_Task description_
Below, locate the line that contains "表C-10 手指关节功能障碍相当于手功能丧失分值的评定". Repeat exactly from that line to the line that contains "100 connected devices", inclusive, leaving out the pictures.

_Input material_

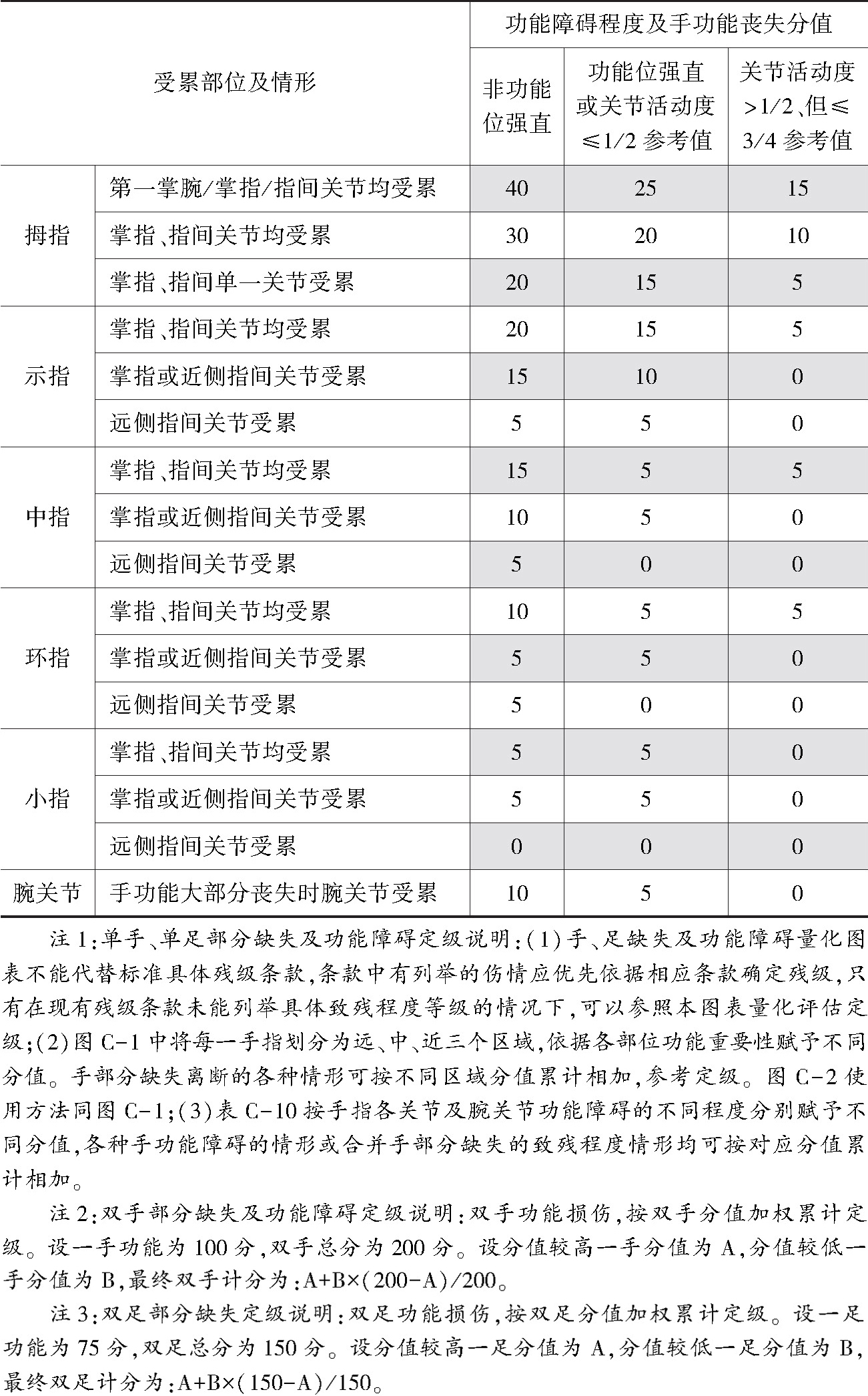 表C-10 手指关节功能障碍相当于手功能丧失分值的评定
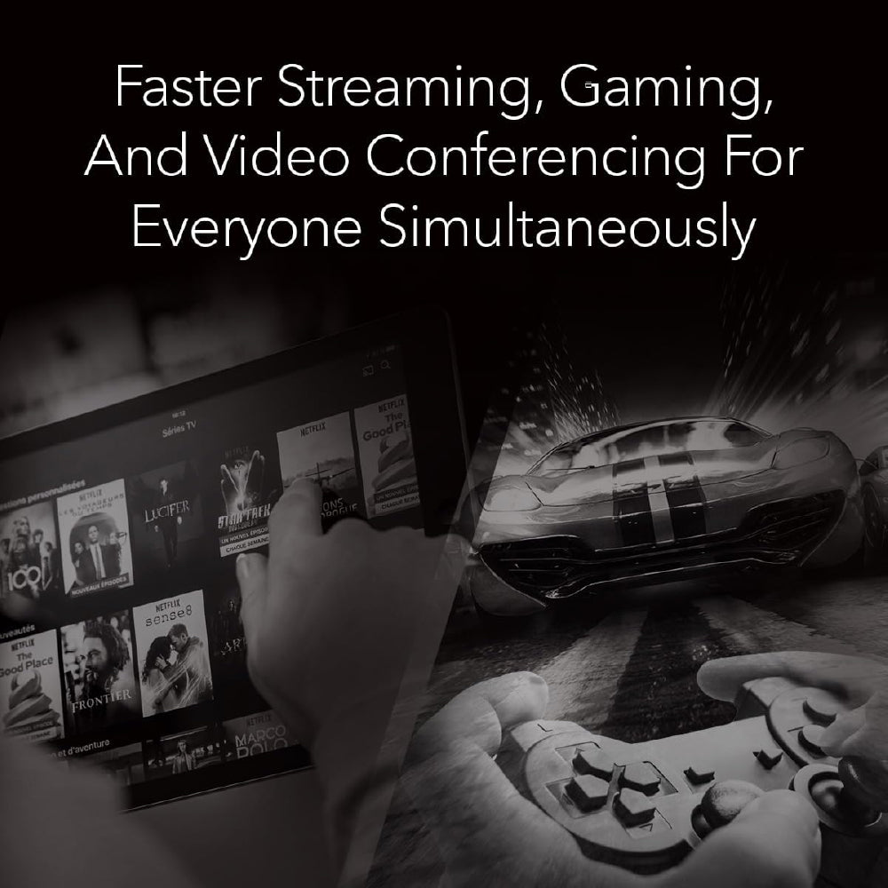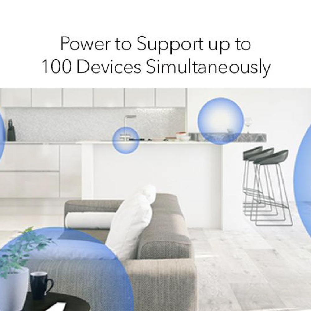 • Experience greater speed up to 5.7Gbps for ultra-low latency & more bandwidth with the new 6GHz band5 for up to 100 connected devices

--

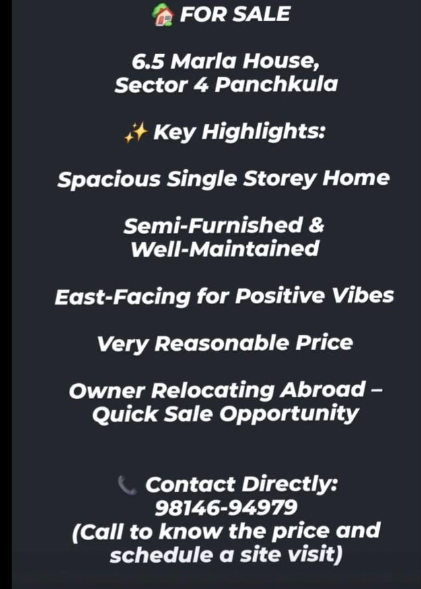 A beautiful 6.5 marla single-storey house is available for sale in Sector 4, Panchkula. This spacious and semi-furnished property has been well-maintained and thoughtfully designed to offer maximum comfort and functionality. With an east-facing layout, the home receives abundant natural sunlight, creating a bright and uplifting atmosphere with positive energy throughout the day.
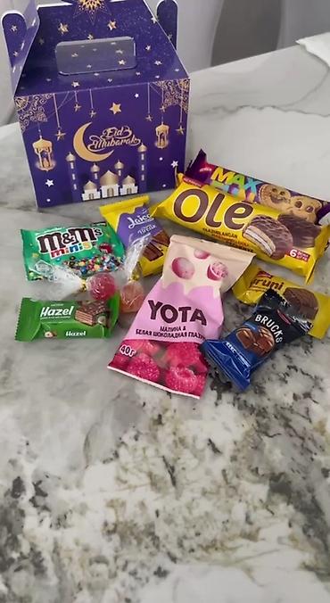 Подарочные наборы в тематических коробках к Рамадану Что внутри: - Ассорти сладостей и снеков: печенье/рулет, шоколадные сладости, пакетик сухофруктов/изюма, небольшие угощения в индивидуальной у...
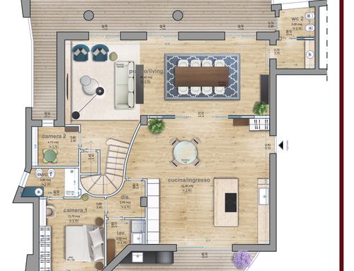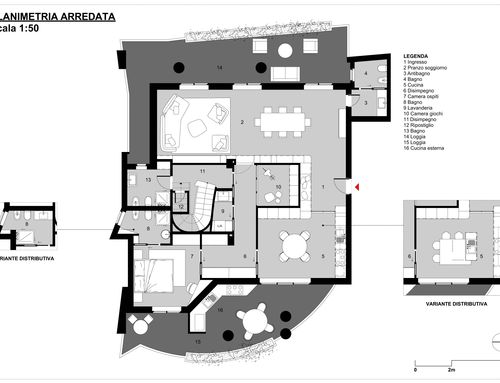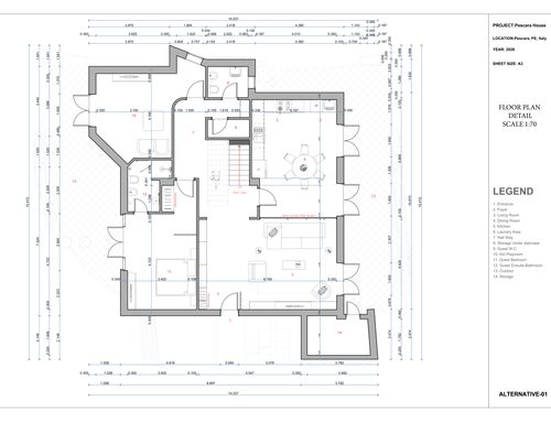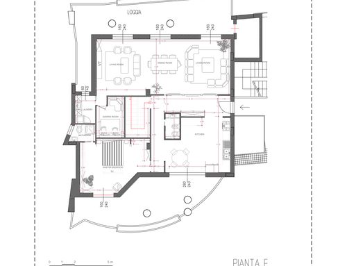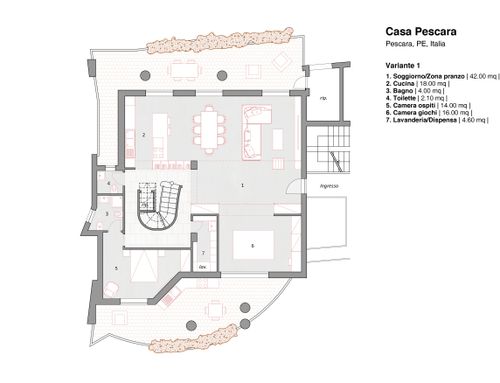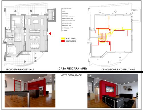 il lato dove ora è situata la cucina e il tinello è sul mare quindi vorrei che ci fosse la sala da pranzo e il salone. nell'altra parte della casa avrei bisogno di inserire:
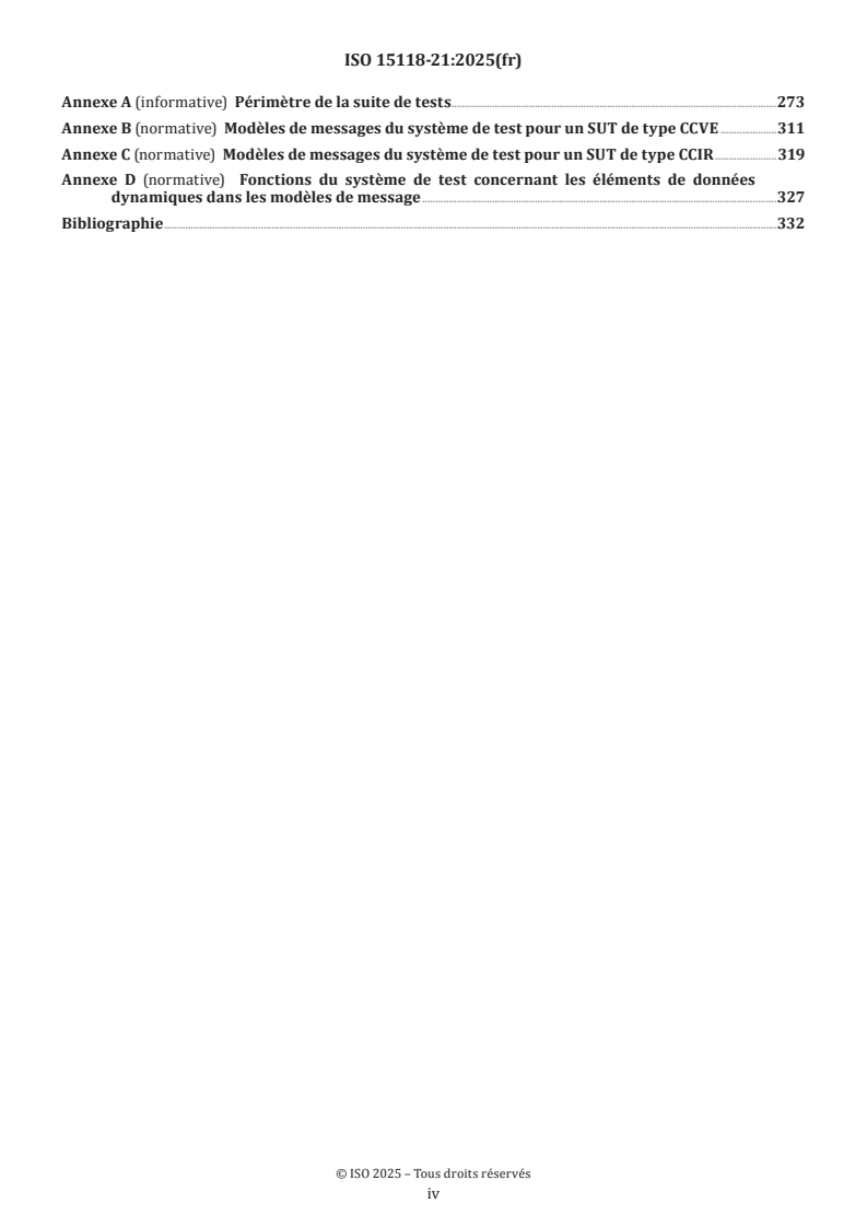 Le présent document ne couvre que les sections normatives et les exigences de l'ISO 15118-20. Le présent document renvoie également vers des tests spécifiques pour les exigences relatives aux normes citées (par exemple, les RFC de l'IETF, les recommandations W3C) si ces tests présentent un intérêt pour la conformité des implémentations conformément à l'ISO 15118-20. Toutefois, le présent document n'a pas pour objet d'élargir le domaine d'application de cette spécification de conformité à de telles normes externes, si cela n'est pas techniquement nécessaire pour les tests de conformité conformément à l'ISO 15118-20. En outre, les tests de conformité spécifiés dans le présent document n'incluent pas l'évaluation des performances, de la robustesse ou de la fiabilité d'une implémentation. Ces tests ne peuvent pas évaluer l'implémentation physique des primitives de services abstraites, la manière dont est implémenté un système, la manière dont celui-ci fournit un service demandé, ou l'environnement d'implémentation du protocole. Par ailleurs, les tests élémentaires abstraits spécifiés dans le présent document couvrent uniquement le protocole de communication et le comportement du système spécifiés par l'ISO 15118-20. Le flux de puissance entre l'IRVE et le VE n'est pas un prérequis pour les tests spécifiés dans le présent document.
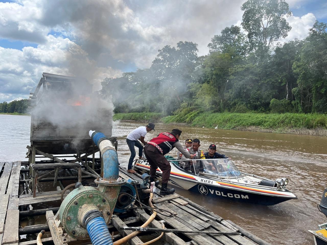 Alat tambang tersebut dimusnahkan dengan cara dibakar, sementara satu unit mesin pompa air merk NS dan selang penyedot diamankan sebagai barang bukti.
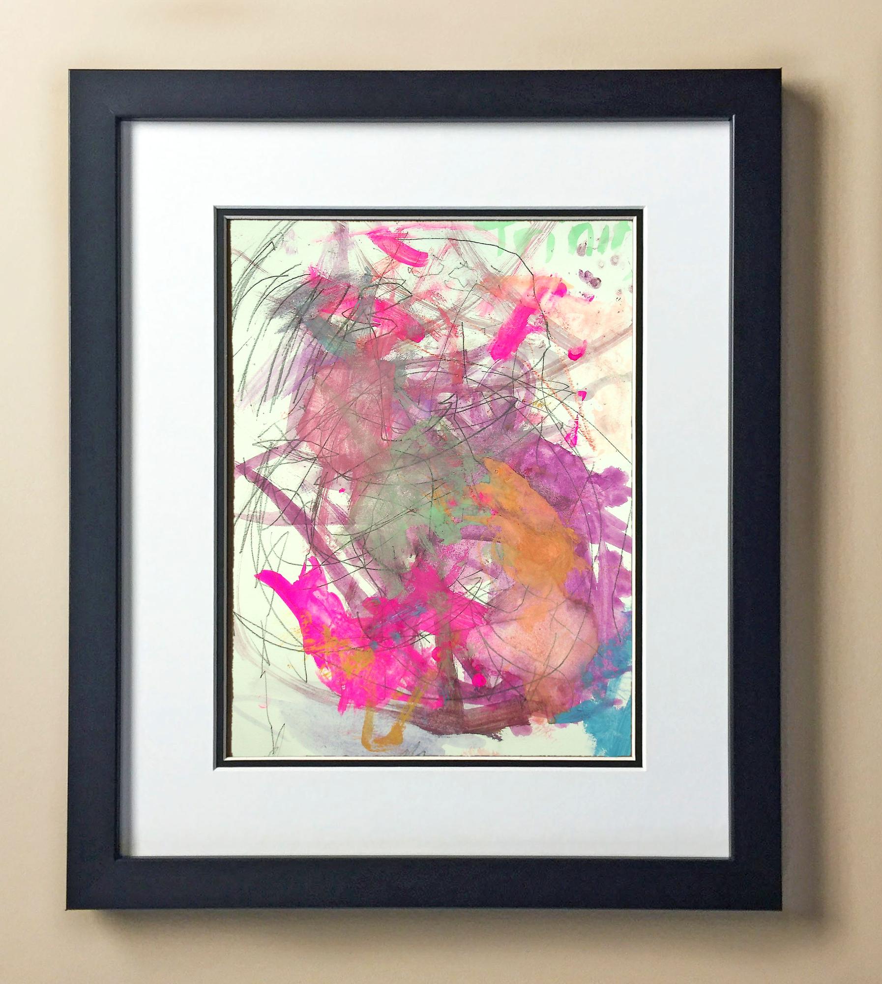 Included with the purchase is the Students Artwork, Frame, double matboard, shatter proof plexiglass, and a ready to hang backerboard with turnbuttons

==

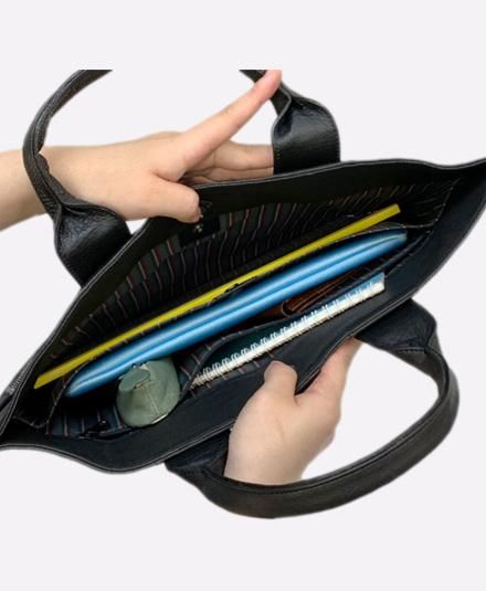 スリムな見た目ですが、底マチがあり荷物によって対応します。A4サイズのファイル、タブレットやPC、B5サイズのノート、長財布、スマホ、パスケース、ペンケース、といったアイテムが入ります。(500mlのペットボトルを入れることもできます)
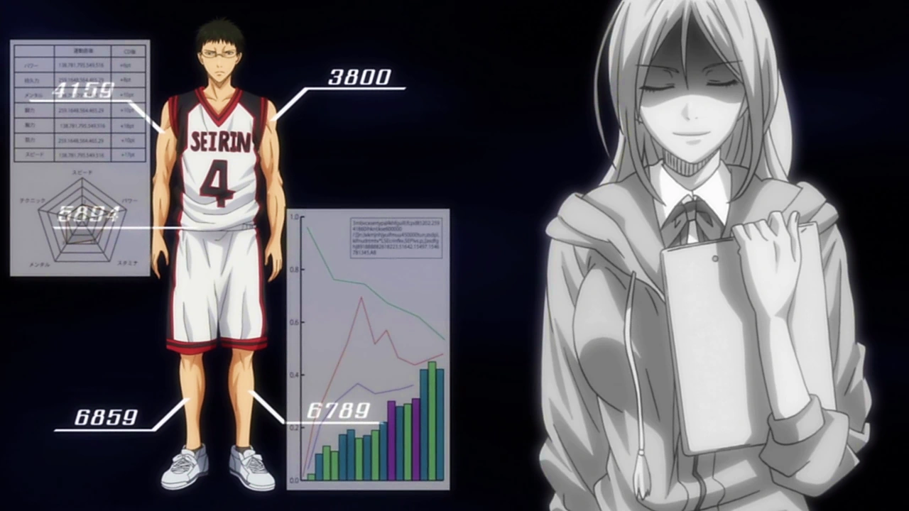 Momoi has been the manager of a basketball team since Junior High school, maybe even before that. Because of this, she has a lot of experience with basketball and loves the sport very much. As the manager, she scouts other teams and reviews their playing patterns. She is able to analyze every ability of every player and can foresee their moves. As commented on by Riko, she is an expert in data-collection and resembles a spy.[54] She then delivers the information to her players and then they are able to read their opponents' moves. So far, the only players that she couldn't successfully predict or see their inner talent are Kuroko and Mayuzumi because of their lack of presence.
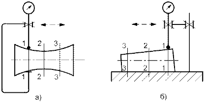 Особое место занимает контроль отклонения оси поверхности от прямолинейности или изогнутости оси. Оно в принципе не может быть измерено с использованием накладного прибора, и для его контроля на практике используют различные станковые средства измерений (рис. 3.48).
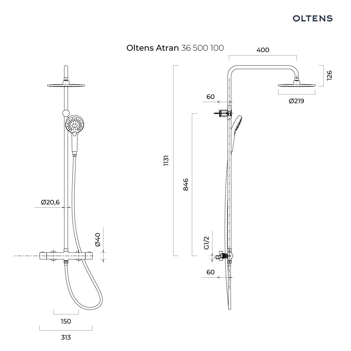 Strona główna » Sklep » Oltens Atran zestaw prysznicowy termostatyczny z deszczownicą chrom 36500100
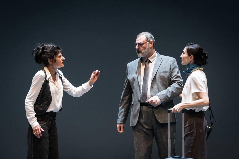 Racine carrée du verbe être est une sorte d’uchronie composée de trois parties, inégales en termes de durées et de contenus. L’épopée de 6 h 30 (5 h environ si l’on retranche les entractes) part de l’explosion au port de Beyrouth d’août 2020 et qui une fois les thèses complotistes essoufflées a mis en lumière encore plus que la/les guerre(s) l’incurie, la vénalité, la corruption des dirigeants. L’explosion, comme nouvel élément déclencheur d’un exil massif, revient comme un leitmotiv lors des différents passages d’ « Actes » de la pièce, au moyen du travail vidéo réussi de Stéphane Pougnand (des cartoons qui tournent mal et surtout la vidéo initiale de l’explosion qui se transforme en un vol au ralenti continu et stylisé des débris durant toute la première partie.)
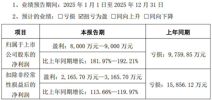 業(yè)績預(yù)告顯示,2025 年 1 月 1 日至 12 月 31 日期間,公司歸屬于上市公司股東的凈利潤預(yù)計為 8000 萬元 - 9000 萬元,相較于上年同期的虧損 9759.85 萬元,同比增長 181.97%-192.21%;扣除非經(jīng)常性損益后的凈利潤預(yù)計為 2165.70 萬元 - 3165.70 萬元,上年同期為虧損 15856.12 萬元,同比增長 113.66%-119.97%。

_Solution below_
 表C-10 手指关节功能障碍相当于手功能丧失分值的评定
 • Experience greater speed up to 5.7Gbps for ultra-low latency & more bandwidth with the new 6GHz band5 for up to 100 connected devices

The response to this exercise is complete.